[Opening SOURCE DATA section]

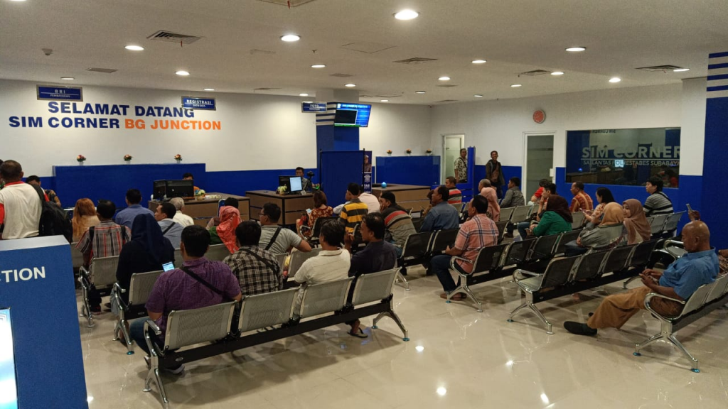 Untuk waktu pelayanan di SIM Corner Mall BG Junction dilaksanakan setiap hari (kecuali hari libur nasional) dibuka mulai pukul: 10.00 s/d 15.00 WIB.
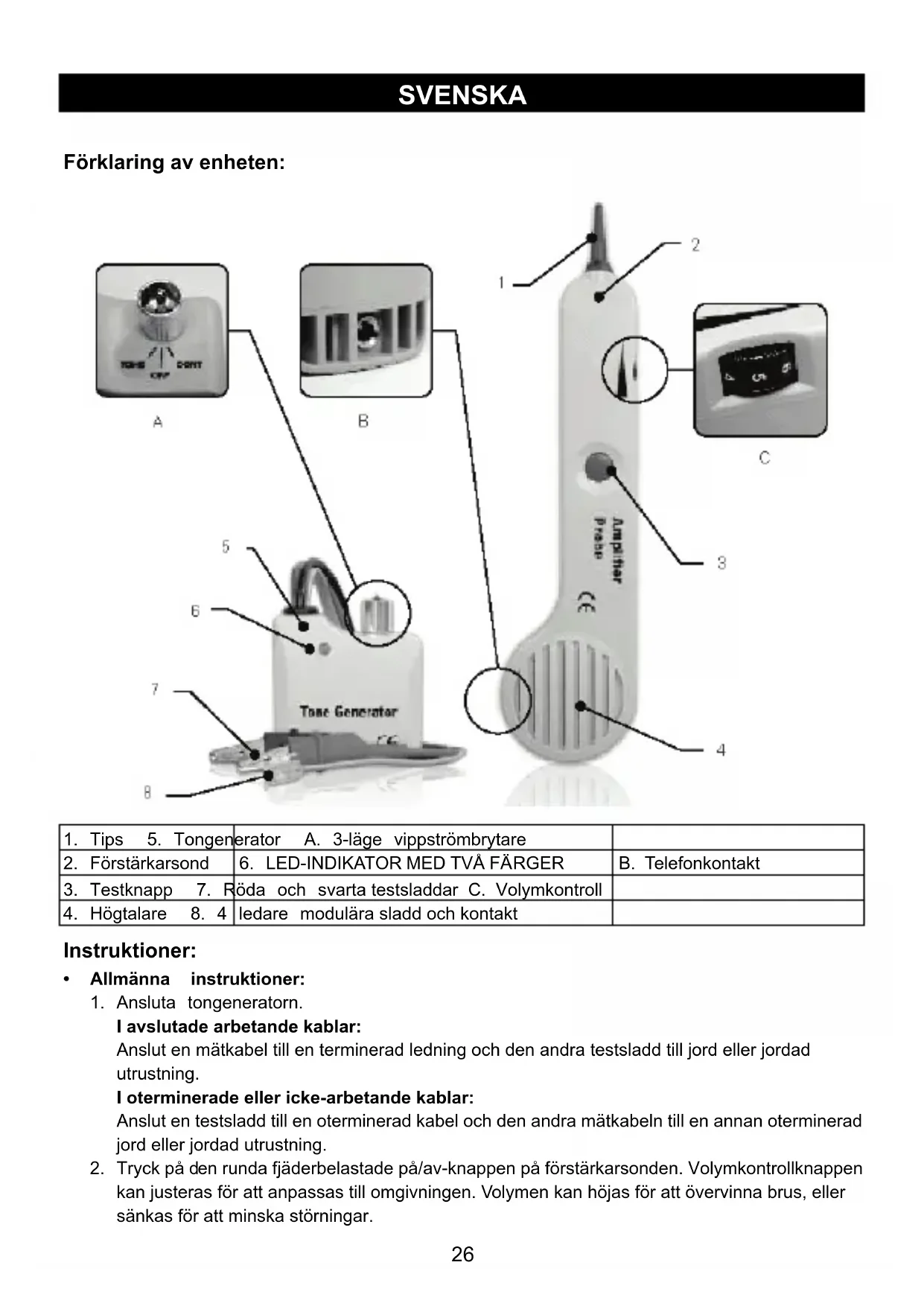 - För mer information, kontakta återförsäljaren eller lokal myndighet med ansvar för avfallshantering.29 ČESKY Tónový generátor se sondou Popis zařízení:
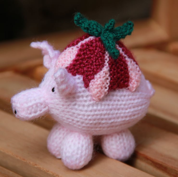 A cute little piggy with a petunia bell hat to celebrate Spring!
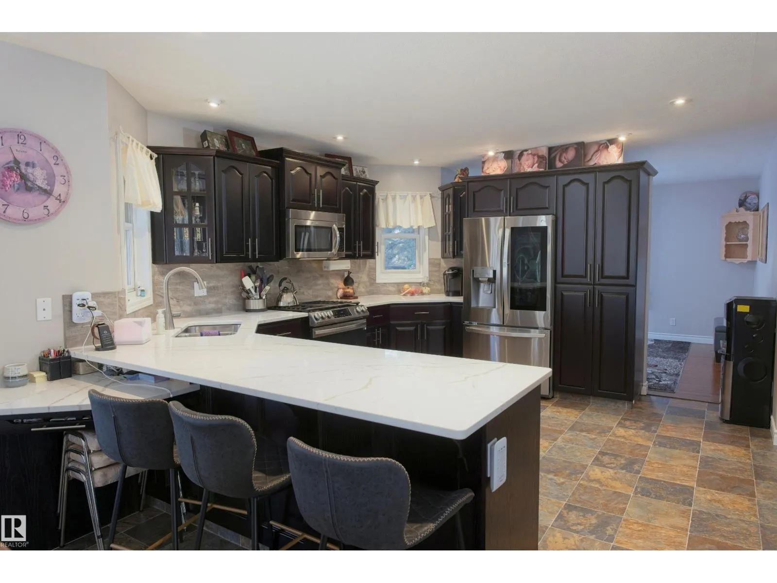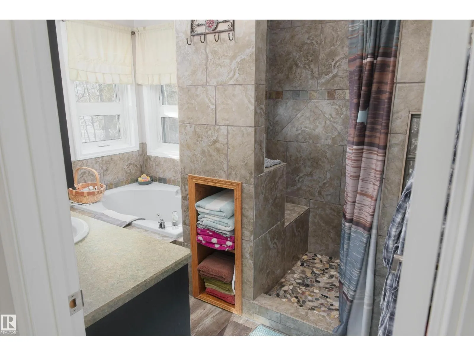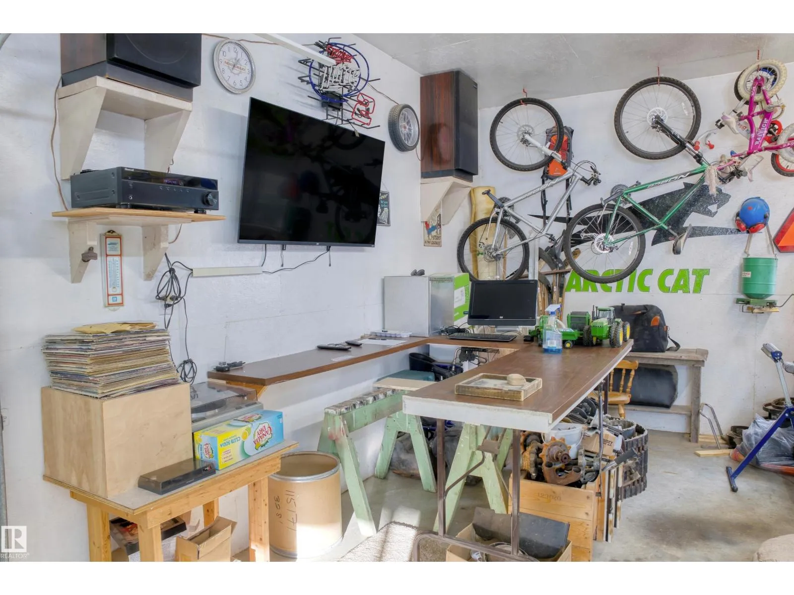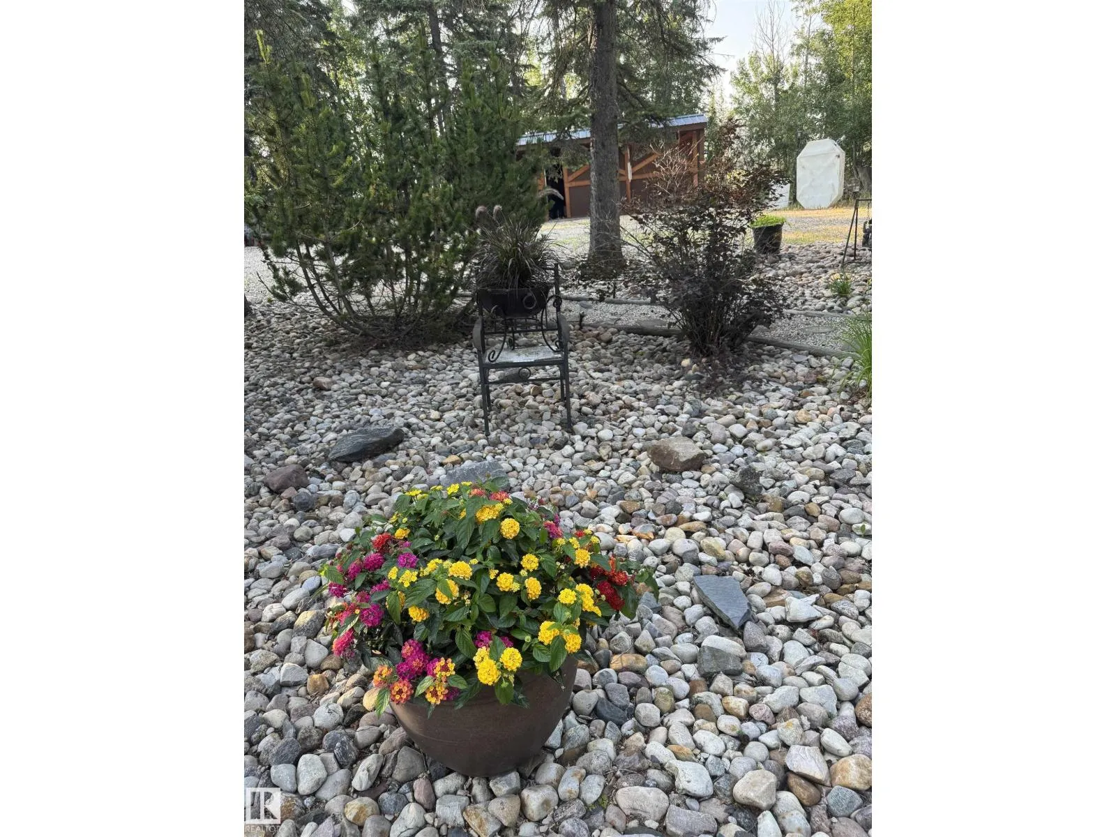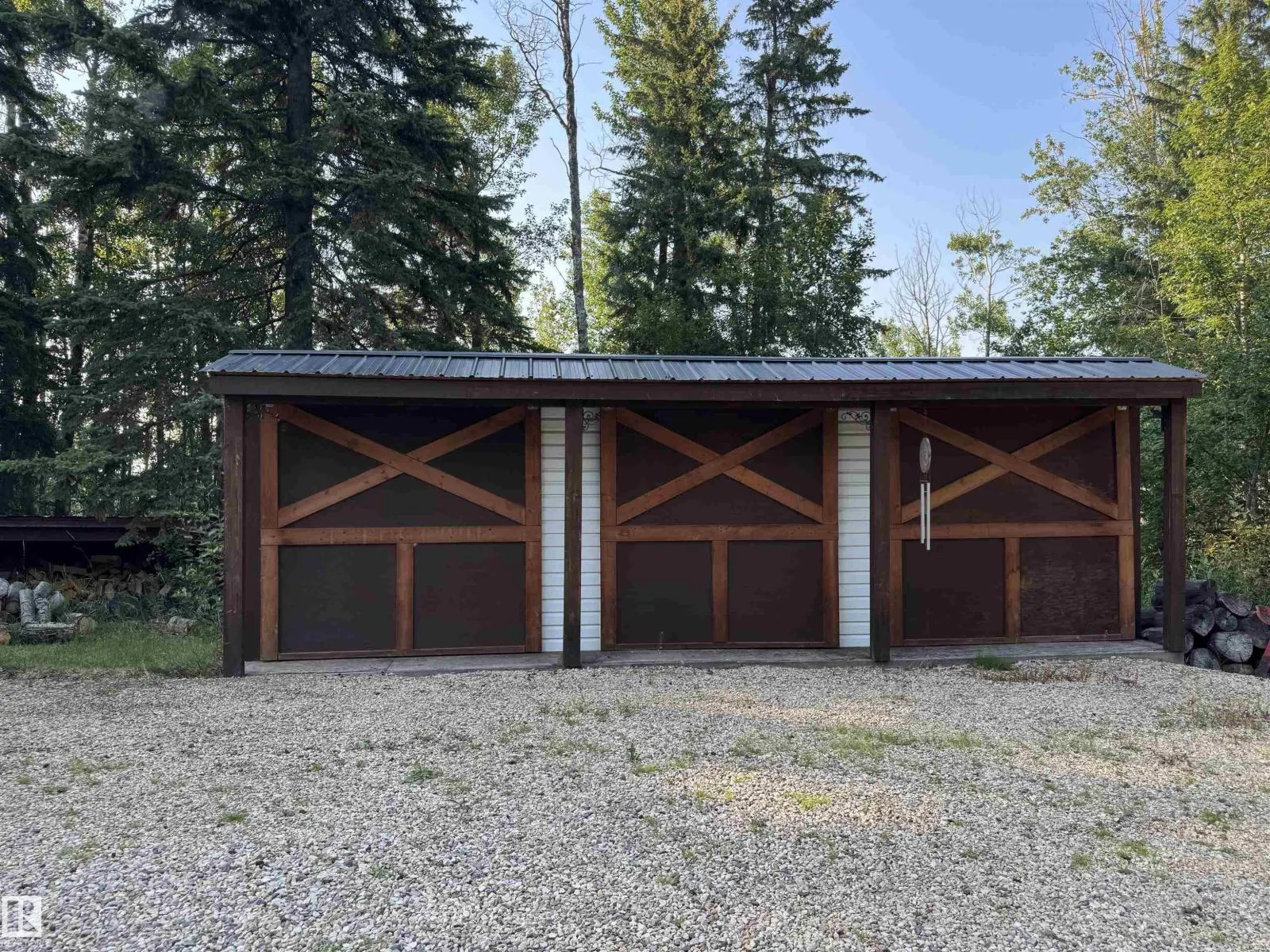 Remarkable 21.5 acre property only minutes North of Barrhead along hard top roads but privately situated amongst beautifully mature sheltering trees & bush cover. 1995 Story book 2 storey home features extensive style & upgrades including rich custom cabinetry & quartz countertops, plush bdrm carpeting, wood burning & infinity gas fireplaces & AC. Plan includes 4 bdrms pus flexible main floor office, 3.5 baths (exquisite ensuite), convenient main floor laundry & amazing basement family room w/ must be seen one of a kind entertainment bar. Gorgeous yard site provides a personal paradise full of atmosphere setting highlights. Seasonal creek w/ bridge, garden plot, dugout, fire pit entertainment area, back deck hot tub & covered gazebo. Quality double car attached garage along w/ oversized detached heated work shop, timber framed yard & rec storage plus high wall R.V shelter. An absolute lifetime find of a property w/ the size of acres, quality of home, magical atmosphere & unparralleled location. Must See! (id:27476)

[Closing SOURCE DATA section]

Take the line that contains "- För mer information, kontakta" and all lines after it to the end of the material above, and copy them verbatim without any images.

 - För mer information, kontakta återförsäljaren eller lokal myndighet med ansvar för avfallshantering.29 ČESKY Tónový generátor se sondou Popis zařízení:
 A cute little piggy with a petunia bell hat to celebrate Spring!
 Remarkable 21.5 acre property only minutes North of Barrhead along hard top roads but privately situated amongst beautifully mature sheltering trees & bush cover. 1995 Story book 2 storey home features extensive style & upgrades including rich custom cabinetry & quartz countertops, plush bdrm carpeting, wood burning & infinity gas fireplaces & AC. Plan includes 4 bdrms pus flexible main floor office, 3.5 baths (exquisite ensuite), convenient main floor laundry & amazing basement family room w/ must be seen one of a kind entertainment bar. Gorgeous yard site provides a personal paradise full of atmosphere setting highlights. Seasonal creek w/ bridge, garden plot, dugout, fire pit entertainment area, back deck hot tub & covered gazebo. Quality double car attached garage along w/ oversized detached heated work shop, timber framed yard & rec storage plus high wall R.V shelter. An absolute lifetime find of a property w/ the size of acres, quality of home, magical atmosphere & unparralleled location. Must See! (id:27476)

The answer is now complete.